Search code examples
ruby-on-railsherokuamazon-s3temporary-files

Writing temp files to Heroku from an S3 hosted file


I have a rails app hosted on Heroku. Here's the situation: a user should be able to upload a PDF (an instance of Batch) to our app using s3; a user should also be able to take the s3 web address of the uploaded PDF and split it up into more PDFs using HyPDF by specifying the file path and the desired pages to be split out (to create instances of Essay).

All of this is happening in the same POST request to /essays.

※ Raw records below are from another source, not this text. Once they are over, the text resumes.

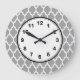 Dark Gray White Moroccan Quatrefoil Pattern #4 Große Wanduhr
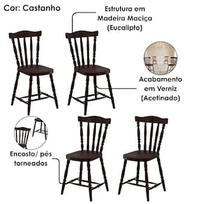 Cadeiras 250EA, o kit com design clássico e elegante, ideal para compor o ambiente da sua cozinha! Com estrutura 100% em madeira maciça, acabamento em verniz acetinado. Conta com encosto e pés torneados (3,8 cm de largura) que agregam ainda mais sofisticação ao design. Possui assento em madeira maciça (2,3 cm de espessura). Suporta até 120 kg, garantindo segurança e conforto. NÃO ACOMPANHA OBJETOS NEM DEMAIS DECORAÇÕES. Este produto será entregue em 2 volumes.
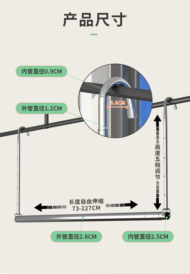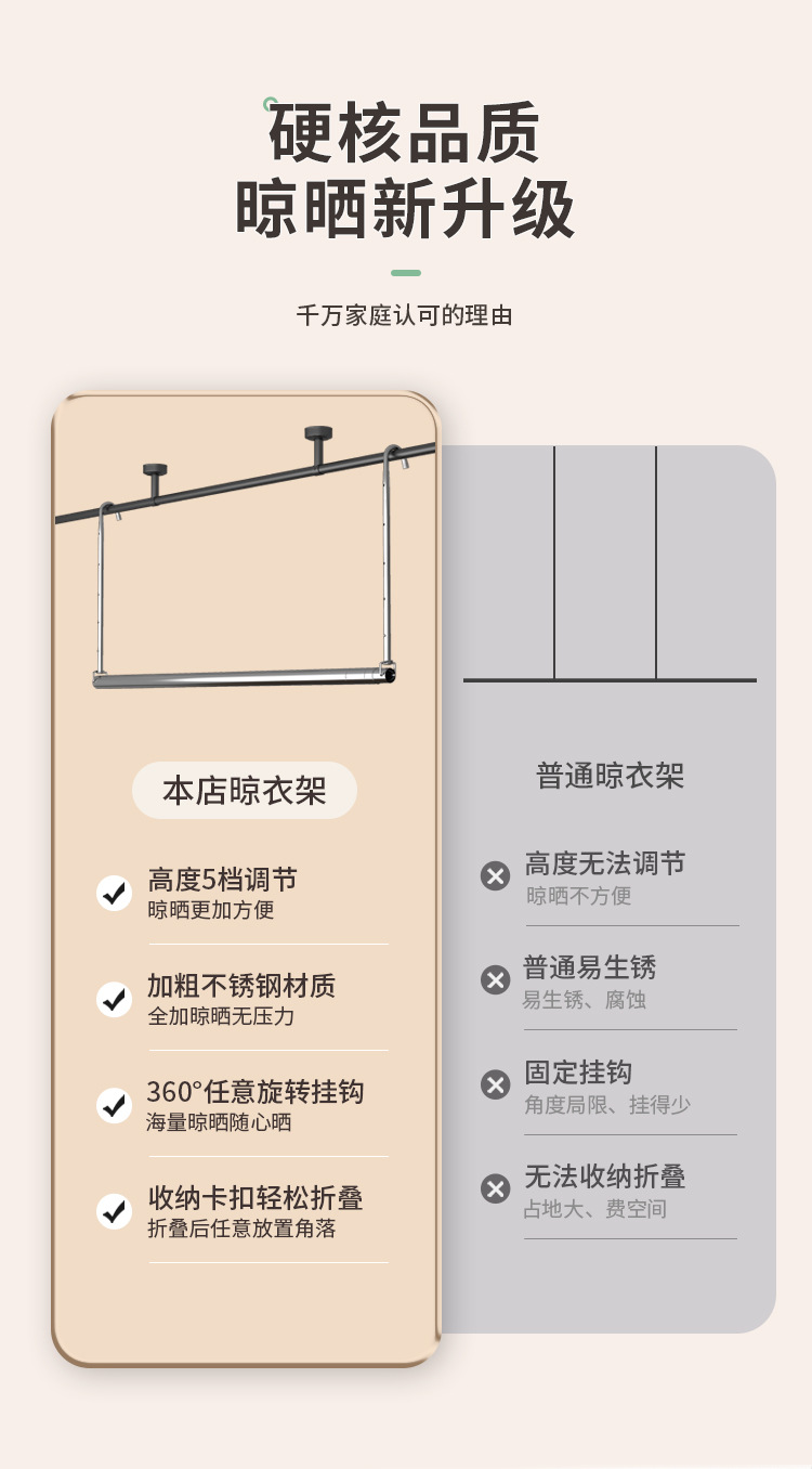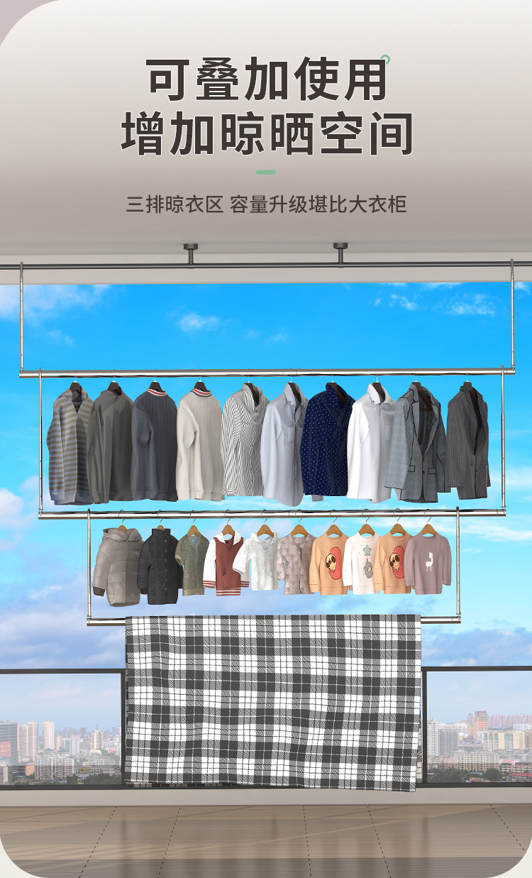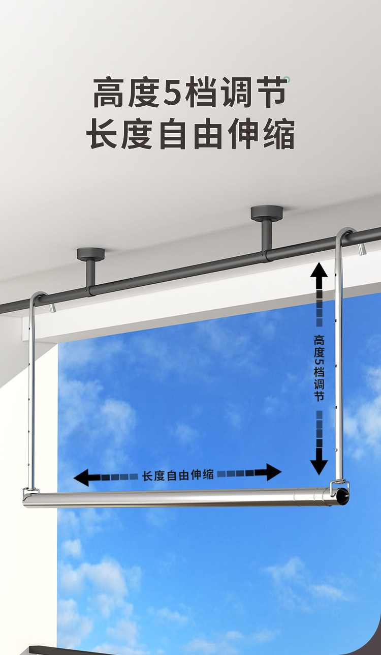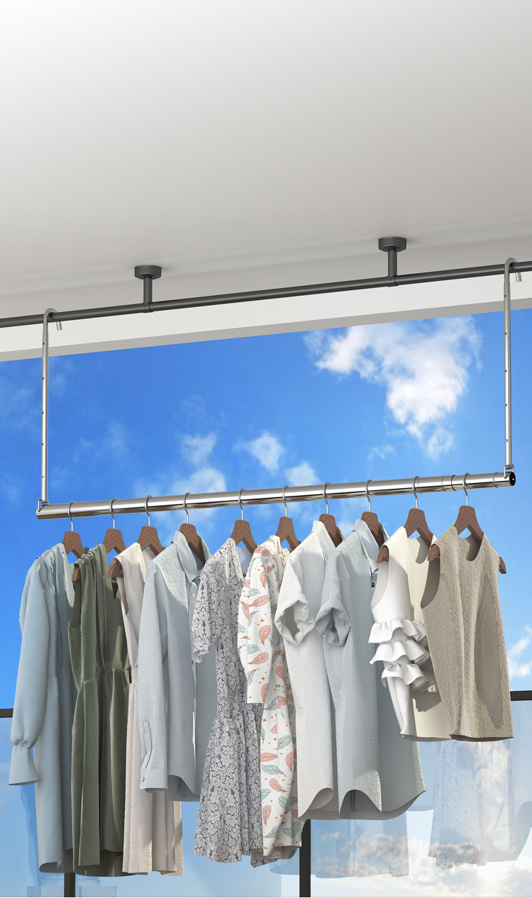 스테인레스 스틸 건조 랙 비 천공 망원경 의류 건조 랙 후크 형 발코니 보이지 않는 홈 건조 퀼트 의류 랙

Here's the code I've been working with today:

 def create
    if params[:essay].class == String 
      batch_id = params[:batch_id].gsub(/[^\d]/, '').to_i
      break_up_batch(params, batch_id)
      redirect_to Batch.find(batch_id), notice: 'Essays were successfully created.'
    else 
      @essay = Essay.new(essay_params)
      respond_to do |format|
        if @essay.save
          format.html { redirect_to @essay, notice: 'Essay was successfully created.' }
          format.json { render :show, status: :created, location: @essay }
        else
          format.html { render :new }
          format.json { render json: @essay.errors, status: :unprocessable_entity }
        end
      end
    end
 end

# this is a private method
def break_up_batch(params, batch_id)
  essay_data = []
  # create a seperate essay for each grouped essay
  local_batch = File.open(Rails.root.join('tmp').to_s + "temppdf.pdf" , 'wb') do |f|
    f.binmode
    f.write HTTParty.get(Batch.find(batch_id).document.url).parsed_response
    f.path
  end

  params["essay"].split("~").each do |data|
    data = data.split(" ")
    hypdf_url = HyPDF.pdfextract(
        local_batch,
        first_page: data[1].to_i, 
        last_page: data[2].to_i,
        bucket: 'essay101',
        public: true

    )
      object = {student_name: data[0], batch_id: batch_id, url: hypdf_url[:url]}
      essay_data << object 
  end

  essay_data.each {|essay| Essay.create(essay)}
  File.delete(local_batch) 
end

I can't get the file to show up on Heroku, and I'm checking with heroku run bash and ls tmp. So when the method is run, a blank file is uploaded to S3. I've written some jQuery to populate a hidden field which is why there's the funky splitting in the middle of the code.


Solution

  • Turns out using the File class wasn't the right way to go about it. But using Tempfile works!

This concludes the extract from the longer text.